Reputation: 11
penguins.table = table
penguins.table( penguins$species, penguins$island )
this created my table of counts.
Next task for to create a table of proportions
penguins.prop= prop.table
penguins.prop = prop.table( penguins.table, 2)
or I've tried this
penguins.prop (penguins.table, 2)
I receive this in R:
Error in marginSums( x, margin) : 'x' is not an array
I'm learning basic r code, but is there something wrong with my code as to why it's not working in particular?

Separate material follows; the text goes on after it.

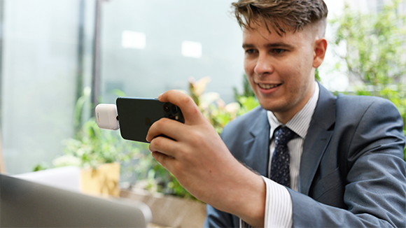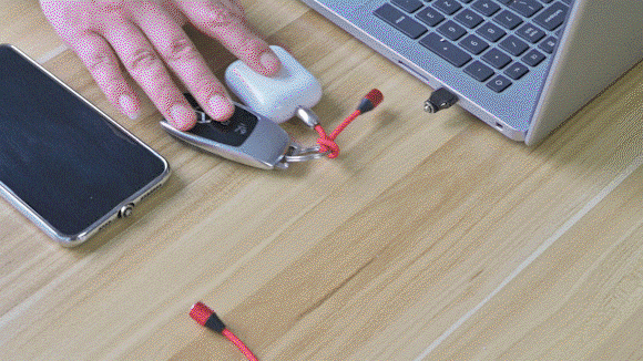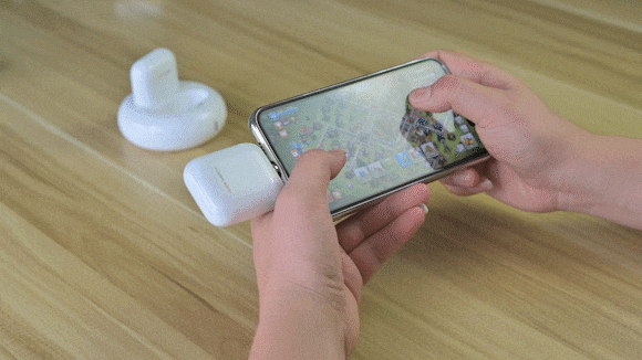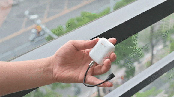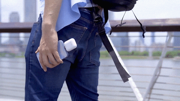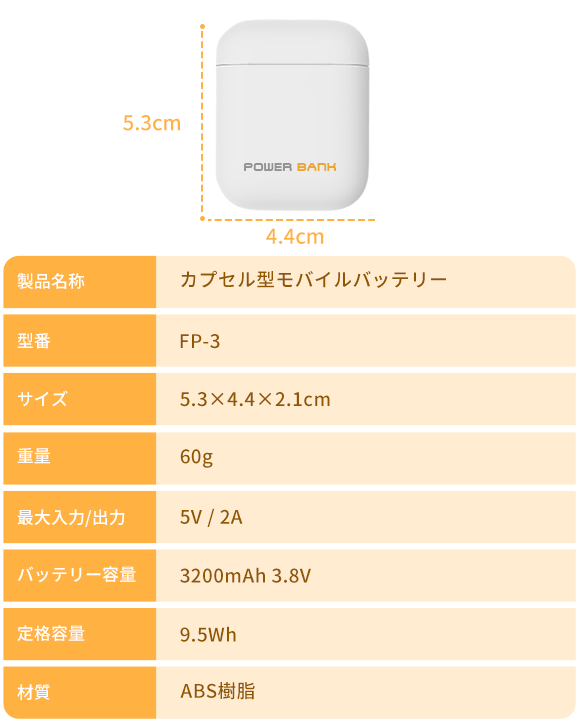 FP-3のサイズは5.3×4.4×2.1cm、重さはわずか60gで、AirPodsとほぼ同じ大きさです。ポケットにさっと入れて出掛ければ、いつでもスマホを充電することができます。ごちゃごちゃしがちなケーブルを携帯する必要はありません。

I need to be able to produce a stacked bar plot with the data, however, am stuck trying to achieve this.
Upvotes: 1
Views: 1059
Reputation: 3228
Here is an alternative that just uses base R commands. This way only requires one string of code after you've loaded your data:
#### Load data ####
penguins <- structure(list(species = c("Adelie", "Adelie", "Adelie", "Adelie", "Adelie", "Adelie", "Adelie", "Adelie", "Adelie", "Adelie"),
island = c("Biscoe", "Biscoe", "Biscoe", "Biscoe", "Biscoe", "Biscoe", "Biscoe", "Biscoe", "Biscoe", "Biscoe"),
sex = c("male", "female", "female", "female", "male", "female", "male", "female", "male", "male"),
body_mass_g = c(3750, 3800, 3250, 3450, 3650, 3625, 4675, 3200, 3800, 4400)), row.names = c(NA, -10L ), class = c("tbl_df", "tbl", "data.frame"))
#### Make proportion table ####
prop.table(table(penguins$species,
penguins$island))
Which gives you the same output as the tidyverse method:
Biscoe
Adelie 1
If for some reason I am not understanding your query, here is what you can get for proportions if you mean the numeric variable here, body mass, and the only grouping variable of interest, sex:
library(tidyverse)
library(gt)
gt(penguins)
penguins %>%
group_by(sex) %>%
summarize(Proportion_Mass = body_mass_g/sum(body_mass_g))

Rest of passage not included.